While the UK has generally been one of the leading advocates of a greener, more sustainable energy policy over the past few decades, it has always been more ambivalent when it comes to committing significant sums of hard public cash. While just under a quarter of a billion pounds is still modest compared to the R&D budgets of some of the world’s leading corporations (Amazon alone is set to invest roughly 50 times that sum in overall R&D in 2017), it nonetheless represents an important step forward.
Battery storage matters of course because, based on current knowledge, it offers the most efficient and practicable way of converting energy into a form where it can be stored safely, and in a limited space (an important factor for buildings, especially for homes), and then be available for instant use ‘on demand’. Given that the key renewable energies, wind and solar, are inherently irregular, this form of storage is crucial to their development.
Clark’s stated aim is no less than “to ensure that the UK is the place in the world where new battery technology especially in combination with the auto sector is not just developed but is commercialised.”
Experience suggests that individual countries can indeed emerge as leaders in innovative green technology in a way that not only helps the environment but makes a major contribution to their economy. Denmark, for example, has emerged as a global giant in wind-power technology, helped not just by an abundance of wind – which many countries enjoy – but by leadership in the development of the requisite technology.
In 2016, over 32,000 people were employed in the Danish Wind Power industry – which would be proportionately equivalent to over 350,000 jobs in the UK. The industry also generated €5.98 billion in product exports, which equates to over 1,000 euros for every man, woman and child in Denmark.
Looked at today, the UK has its work cut out to become a global leader in battery storage. In a list of '43 Battery Storage Companies To Watch' compiled by cleantechnica in early 2015, only one company (res) was headquartered in the UK, and fewer than one in 5 were European headquartered – with Germany, perhaps not surprisingly having the strongest European base. Two thirds were based in North America and about 1 in 6 in Asia (that is in Japan, China or South Korea).
Bloomberg has projected that China’s share of global lithium-ion battery production will rise from an estimated 55% today, to as much 65% in 2021. The UK, like the rest of Europe, has some reason to be concerned that, with energy storage as with so many other disruptive new technologies, so much of the main action is taking place in other parts of the world, with Europe and the UK potentially sidelined to the ranks of spectators and followers.
However, two important caveats should be applied here.
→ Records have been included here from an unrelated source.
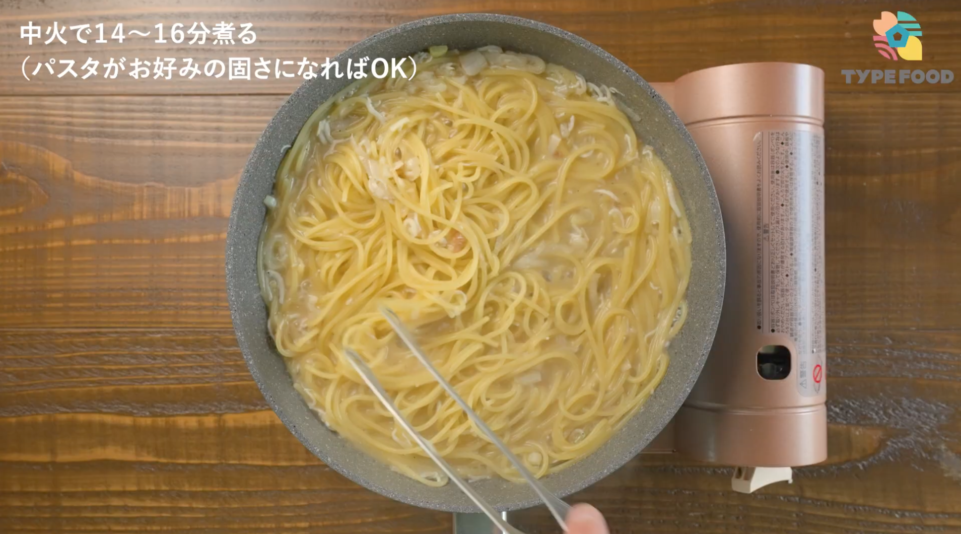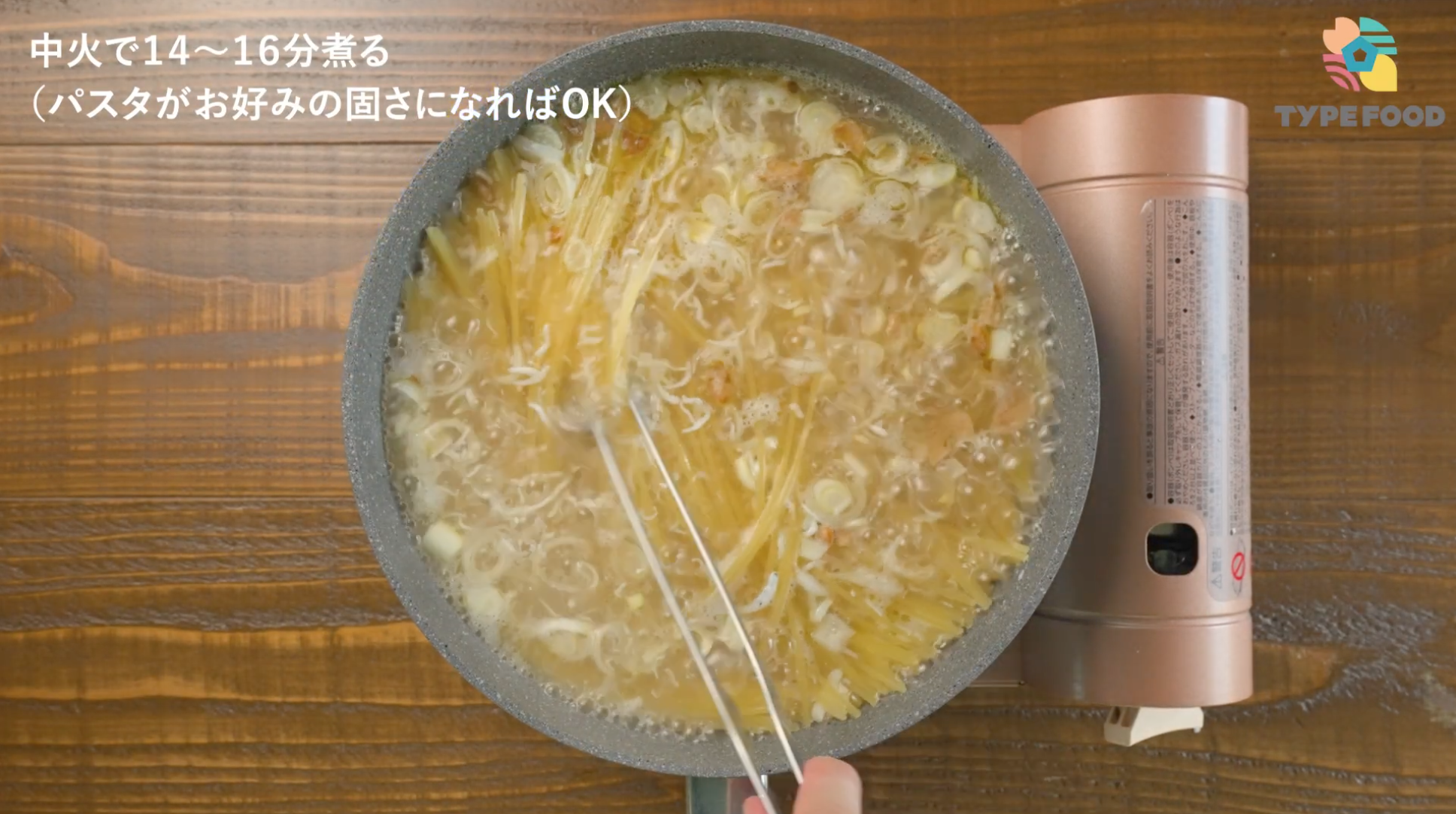 水分が程よく飛び、パスタがお好みの固さになればOK!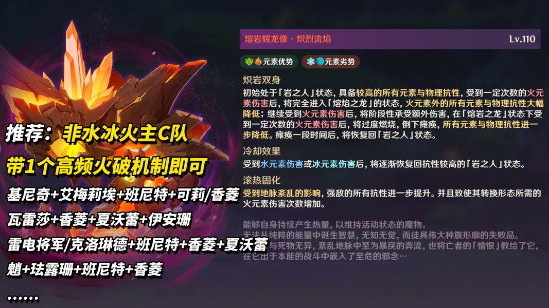 【推荐队伍】熔岩辉龙像是本期最容易的BOSS,可给另外两队匀出更多角色。只要不是火冰水C都能用,最低配可考虑阶段一带上香菱班尼特破机制,例如: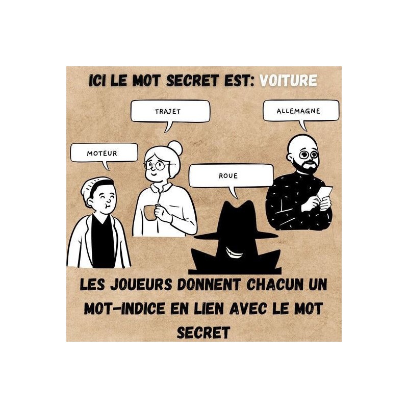 - À chaque tour, chaque joueur connaît un mot secret, à l'exception de l'imposteur. A tour de rôle, chaque joueur va partager un mot-indice en rapport avec le mot secret.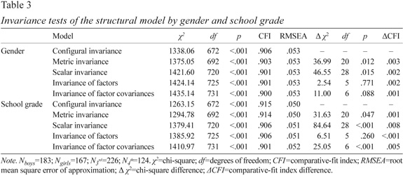 We tested the invariance of the measurement model by gender and school grade to ensure that the factor structure of AEQ-ES-P was equivalent for boys and girls and for third and fourth graders. In both cases, we evaluated invariance by comparing a free model (with freely estimated factor loadings, intercepts, and covariance of factors) with constrained models where factor loadings (λ), intercepts (i), and covariances were fixed. Significant changes were monitored by differences in chi-square values (Δχ2) as well as by changes in CFI (ΔCFI), given that Δχ2 is sensitive to sample size (Cheung & Rensvold, 2002). The model is considered invariant when Δχ2 values are non-significant (p≥.05), or instead when ΔCFI values are lower than .01.

The first is that there is a well-established global pattern of R&D being focused in the leading developed economies (such as North America, Western Europe, Japan and South Korea), with mass production being outsourced to countries such as the BRICS economies, especially China, India and Brazil.
The second is, of course, that an economy that optimises use of energy storage will be about much more than the design and manufacture of ever more efficient batteries, important though this is. The creation of an energy grid which can make optimal decisions about when to store energy (at national, local and community level), and from which courses will also be critical, as will be the development and implementation of building energy management solutions which can ensure that each building manages its energy, including energy storage in an efficient way.
The UK government’s approach, including promoting initiatives from universities, also makes a lot of sense, given that many of the world’s energy storage leaders started life as offshoots of university research programs.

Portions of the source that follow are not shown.